Sunday, July 09, 2006

Design Genres #5: RTS

This time I cover a very popular genre of games, the Real-Time Strategy title. Like most strategy genres, the RTS has a very specific definition to make it stand out from all the various other strategy types, which I'm hesitant to take a prod at without resorting to Wikipedia. It basically covers any real-time game where you control a force of troops and a gathering of buildings and installations, and continue to expand your operations across a map while expanding your operation, making new troops and buildings by mining the nearby resources available to you. The idea is to do this quicker and more efficiently than the other guy, so when the time comes you can roll all over him instead of vice versa.

Like any genre that has a bajillion games with miniscule variation, there have been various attempts at partitioning the RTS genre further for all its minor disparities. The most logical of which is the micro/macro-management system. Micro-management assumes that you have a small, non-increasble force and need to strategically plan on how your inferior numbers will take down the superior numbers of your enemy with guile, cunning or whatever. A lot of the squad-based tactical games use this method especially, such as Commandos or Fallout Tactics. On the opposite end of this management scale are the macro-management games, which involve a massive force of units and territory which the player must expand on with great speed lest the enemy overtake them in numbers. The final battle comes after each side has expanded as far as they can go, and then it's simply a clash of the titans to see who prevails.

My feelings for this genre is that it is one that appeals to me a designer and as a designer only. I hate playing these. For the most obvious reason: I suck at them. I just can't get my head around keeping an eye on a hundred things at once, and being innately aware of what's happening at all times so the enemy doesn't surprise me or so I don't end up having units not doing anything useful. It's also a game where knowledge is power, and memorizing the best way to take down a specific player type (one who is defensive, or focuses on units which are slow and powerful are examples) is something I'm not always focused on a game enough to bother learning. However, like I stated previously, on a designer level the complexity of these games has always intrigued me. I love how the screen can fill up with all these minutely detailed units and buildings, all clamoring at once to get things done, and how there are always a hundred ways to finish a particular level based on your own personal style. Of course, the number of potential paths to take rather narrows down as the opponents get so difficult that only those using the most efficient methods can hope to defeat them.

So now I come to what I can hope to bring to the genre should I be given the chance. My game idea today feels so much like it's been done before, but for the life of me I can't seem to find any trace of a game using the same general idea. Simply, it is thus: an RTS game that takes place entirely within the human body.
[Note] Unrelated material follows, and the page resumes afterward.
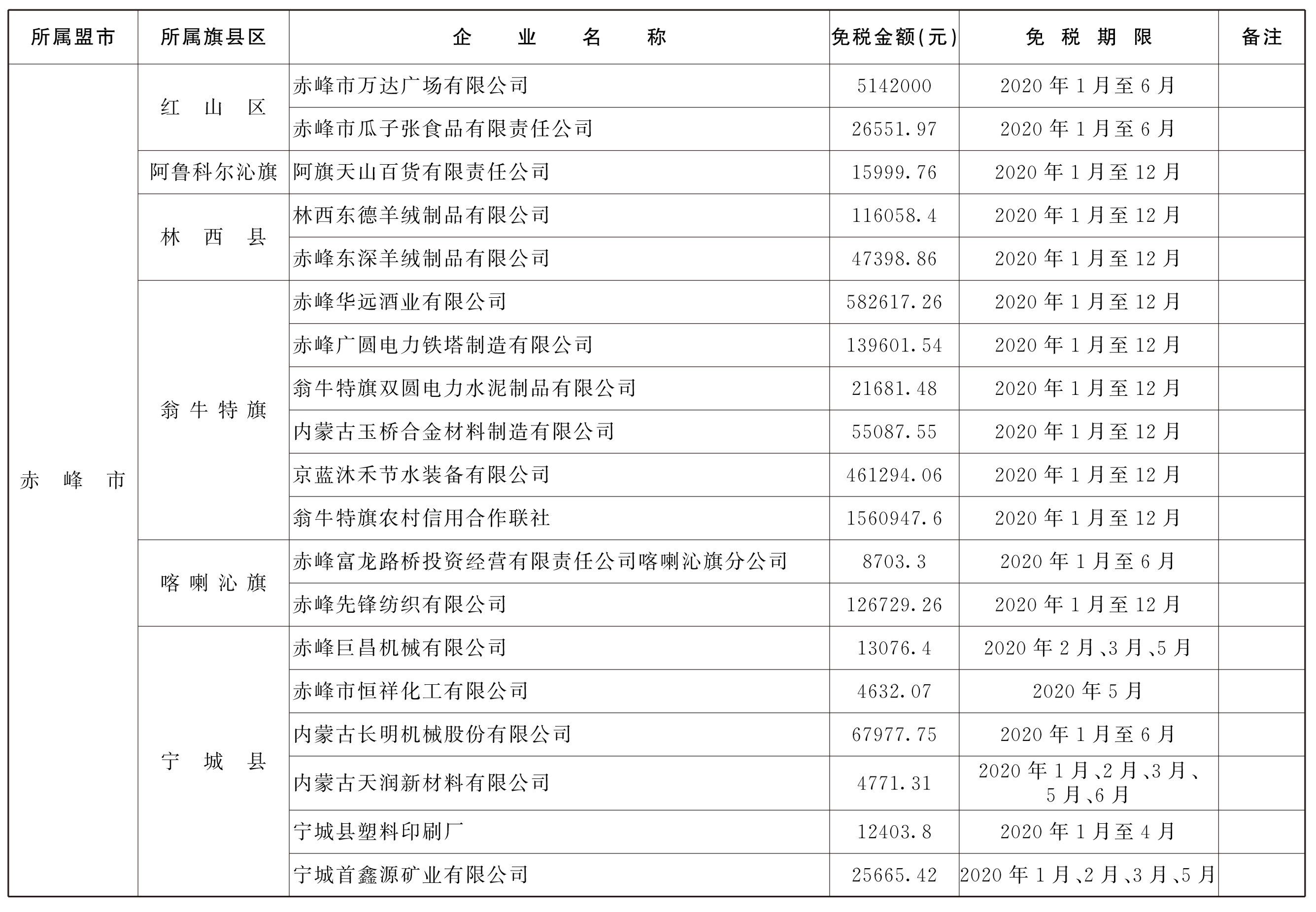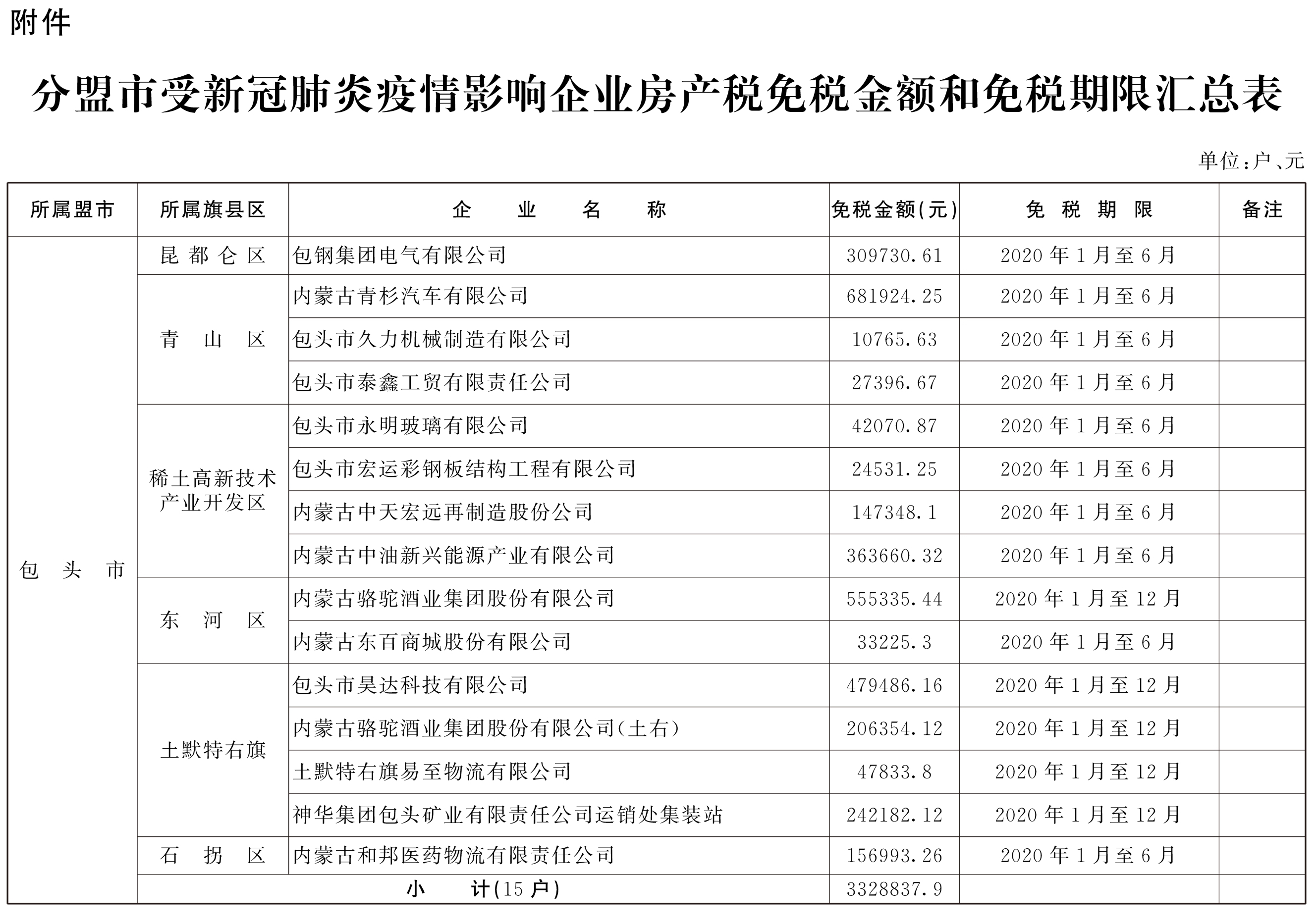一、同意免征包头市、赤峰市、锡林郭勒盟、乌兰察布市65户受新冠肺炎疫情影响企业应纳房产税合计16180507.02元。其中,包头市15户,免税3328837.9元;赤峰市23户,免税8597205.82元;锡林郭勒盟3户,免税20068.02元;乌兰察布市24户,免税4234395.28元。具体免税企业名称、免税金额和免税期限见附件。

You control the white blood cells, and various other agents in the blood stream able to tackle infection and other ills that plague the human body. It is your task to find the problem area and eliminate it, all the while protecting the more vulnerable areas of the body from damage. This includes vital organs, but also various cartileges and nerve areas which repair very slowly and so must be protected. As the game progresses, you'll meet stronger pathogens, viruses and malignant bacteria and may even have to take out a clump of cancer cells or other potentially fatal ailments.

The story of the game will follow a new drug, which supercharges the white blood cells and allows them to combat illnesses that would normally overcome them without outside medical assistance. The white blood cells of a given test body will mutate into various forms and gain almost a sort of sentience, which is where the player comes in. Using the powers of the drugs, the white blood cells can mutate to tackle whatever problem is currently in front of them, assuming the roles of penicillin or other cures (which will make up your inventory of unit types) while farming the necessary nutrients for these changes from the bloodstream. As the drug is tested on even worse cases to monitor its efficiency, the player must deal with more complex and difficult problems.

Obviously a game like this will require a knowledge of anatomy and medicine far beyond my meagre understanding, but I could see a RTS game as frantic as any other situated entirely within the somewhat alien environment of the close-scale human body. It's when I starting thinking about combating nanotechnology that had infiltrated the body for some of the later levels that I started thinking that maybe I'd heard of this game before somewhere, but I still don't know where. Maybe I'm just thinking of Innerspace?